Packet from a plane. A plan flies at constant velocity and altitude, and drops a packet. Describe trajectory of the packet as seen from the ground and from the plane.

When we talk about projectile motion, we are discussing objects that are thrown or propelled into the air and are subject to gravity and air resistance. In this scenario, the packet dropped from the plane is a classic example of projectile motion. The packet is subject to two forces: the constant horizontal velocity of the plane, and the pull of gravity, which accelerates it downward. This combination of forces results in a unique trajectory.

It's crucial to understand that the horizontal motion and the vertical motion of the packet are independent of each other. The packet will keep moving forward at the same speed as the plane while simultaneously being pulled downward by gravity.

• Horizontal motion is uniform (constant velocity).
• Vertical motion is uniformly accelerated (due to gravity).

These independent motions combine to create the parabolic trajectory observed from the ground.

From the ground, the packet's path looks parabolic. This is because we observe the interplay between the packet’s horizontal motion (maintained since it was dropped from a moving plane) and its vertical acceleration due to gravity.

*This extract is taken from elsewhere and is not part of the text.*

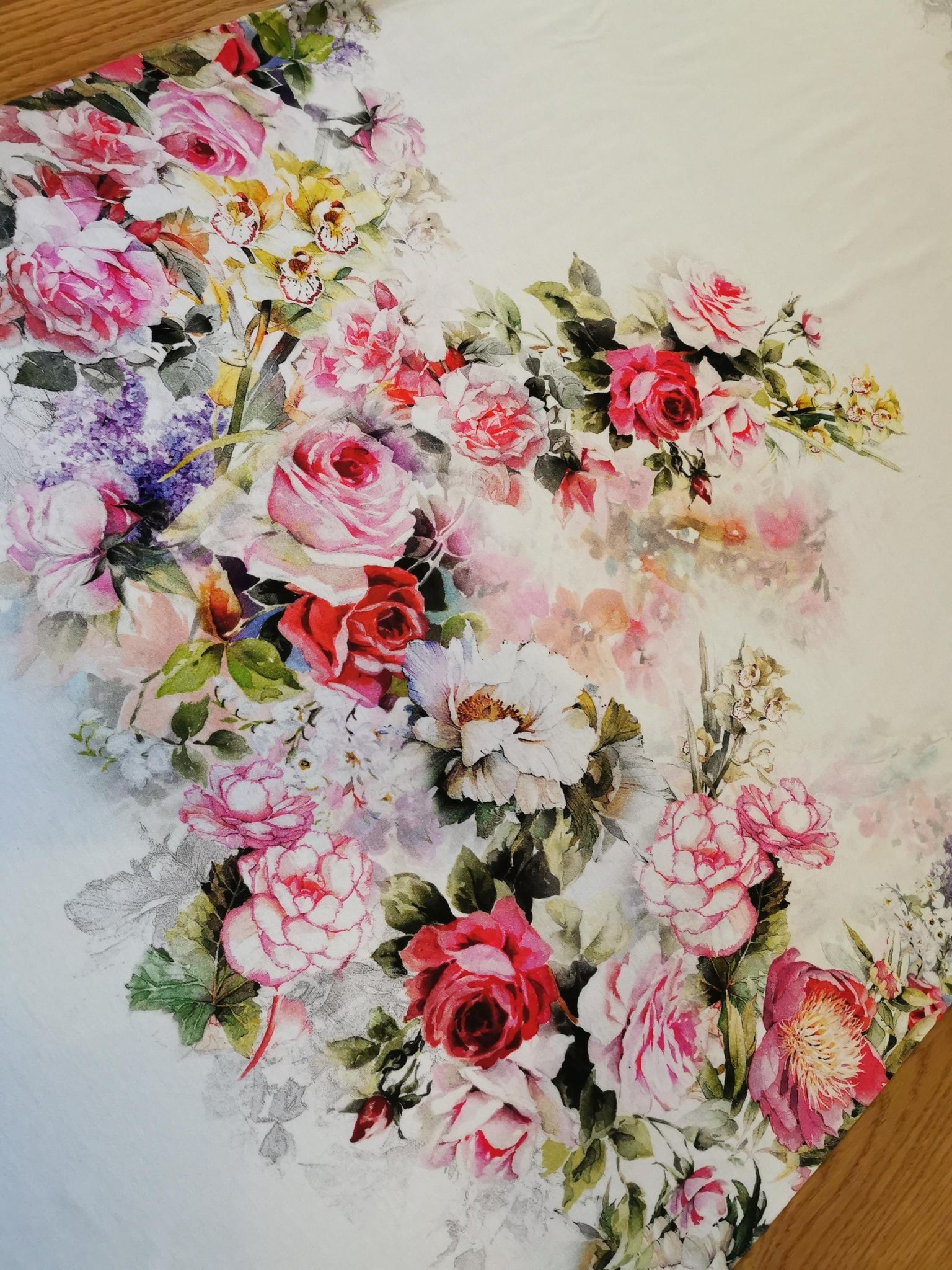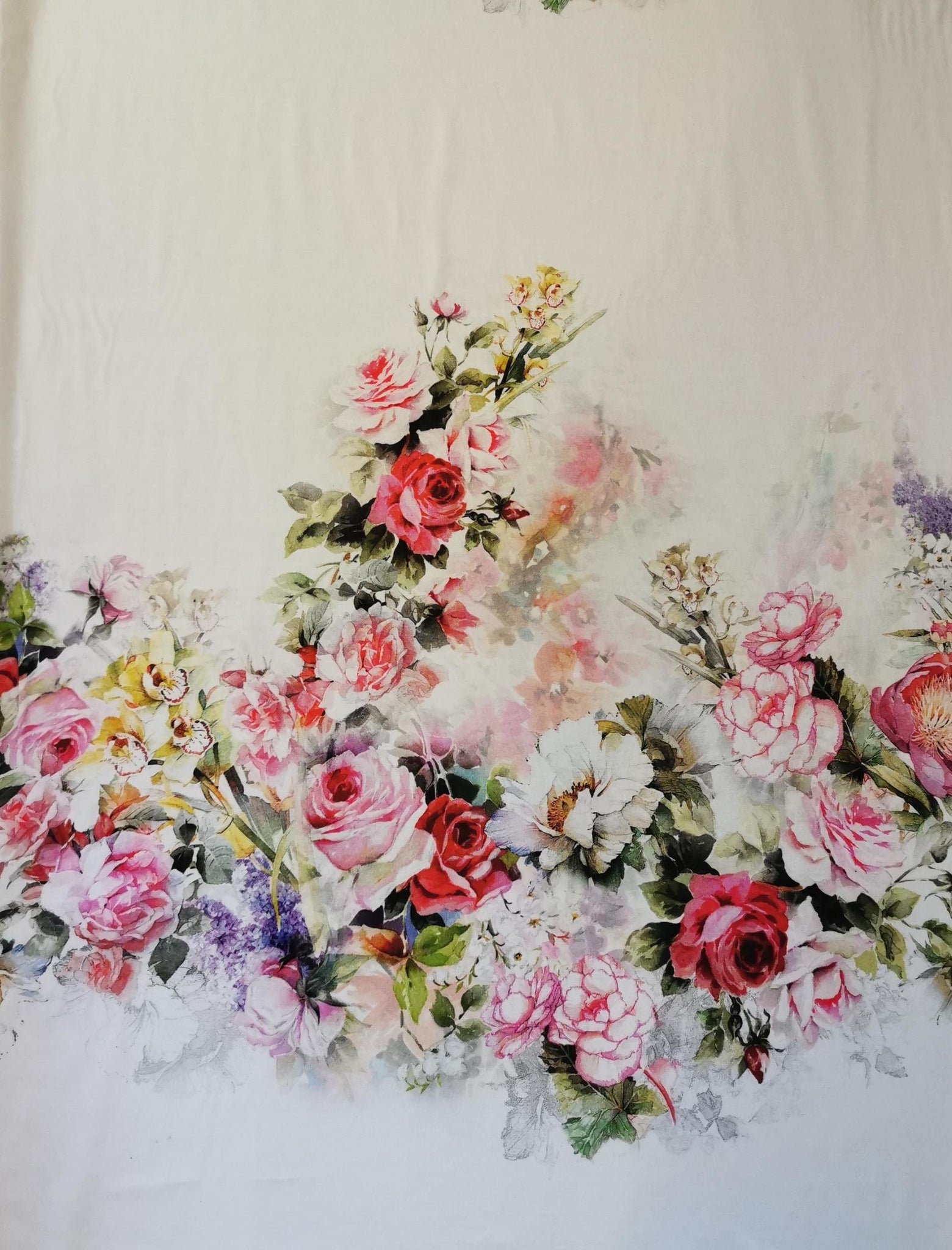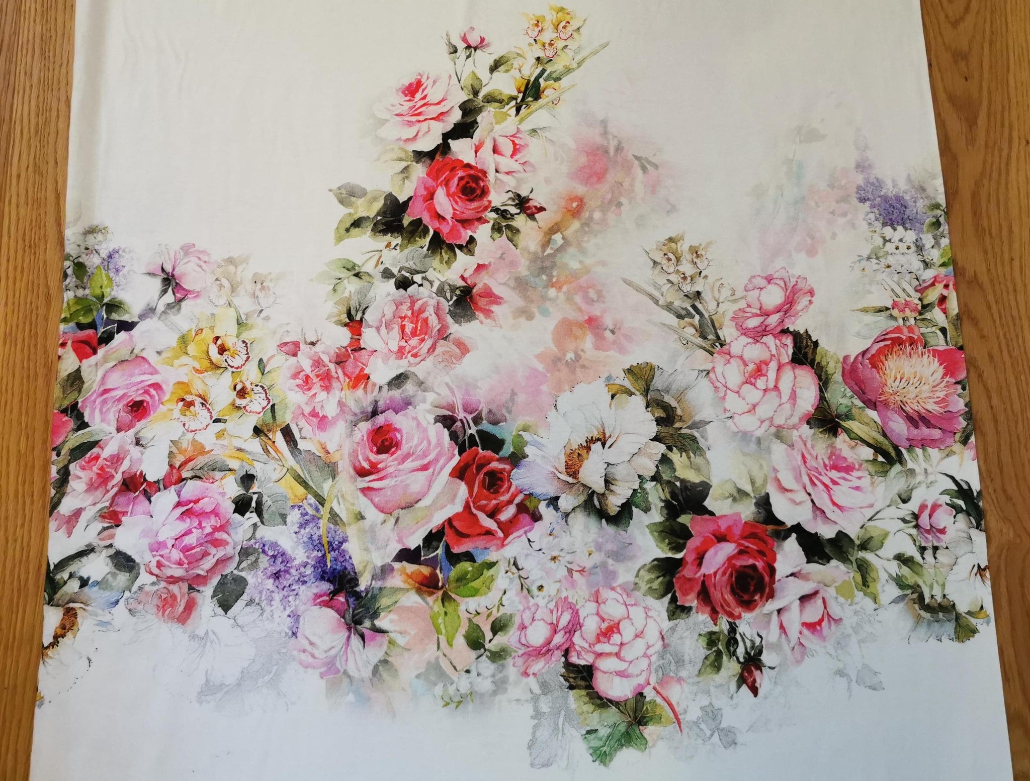 Viskosejersey Stoff Panel "Blumenstrauß" rote und rosa Rosen ca. 0,75m lang

Mathematically, the trajectory of the packet dropped from the plane is a parabola, and it can be described by the equations:

• Horizontal position: \( x(t) = v_{\text{plane}} \times t \)
• Vertical position: \( y(t) = h - \frac{1}{2} g t^2 \)

Where:

• \(v_{\text{plane}}\) is the plane's velocity
• \(h\) is the altitude from which the packet is dropped
• \(g\) is the acceleration due to gravity
• \(t\) is the time elapsed

This vertical motion showcases how gravity pulls the packet down over time, while the constant horizontal velocity keeps the packet moving forward, resulting in the downward curved path.

Observing motion from different reference points helps us understand relative motion. In this exercise, we look at the packet from the perspectives of an observer on the ground and someone inside the plane.

From the ground, the packet’s path forms a parabola because we can see both the horizontal motion (matching the plane's speed) and the vertical acceleration (gravity pulling the packet down).

From the plane, the packet seems to just fall straight down. This is because an observer inside the plane moves with the same horizontal speed. Thus, they only see the vertical motion of the packet, giving the illusion that it’s falling straight down without moving forward. This difference in observation highlights the concept of relative motion, where the observed trajectory changes depending on the reference point.

Understanding the displacements in horizontal and vertical directions is key to grasping the overall motion of the packet.

**Horizontal Displacement**
The horizontal displacement of the packet depends on the constant velocity of the plane. Since there's no acceleration in the horizontal direction (the velocity is constant), we can simply express the horizontal position over time as:

• \( x(t) = v_{\text{plane}} \times t\)

**Vertical Displacement**
In contrast, the vertical displacement involves acceleration due to gravity. As the packet falls, it accelerates downward, and its vertical position over time can be expressed as:

• \( y(t) = h - \frac{1}{2} g t^2\)

Here, the packet starts at height \( h \) and its downward movement speed increases over time due to gravity (\( g \)). The combination of these displacements results in the parabolic path we observe from the ground.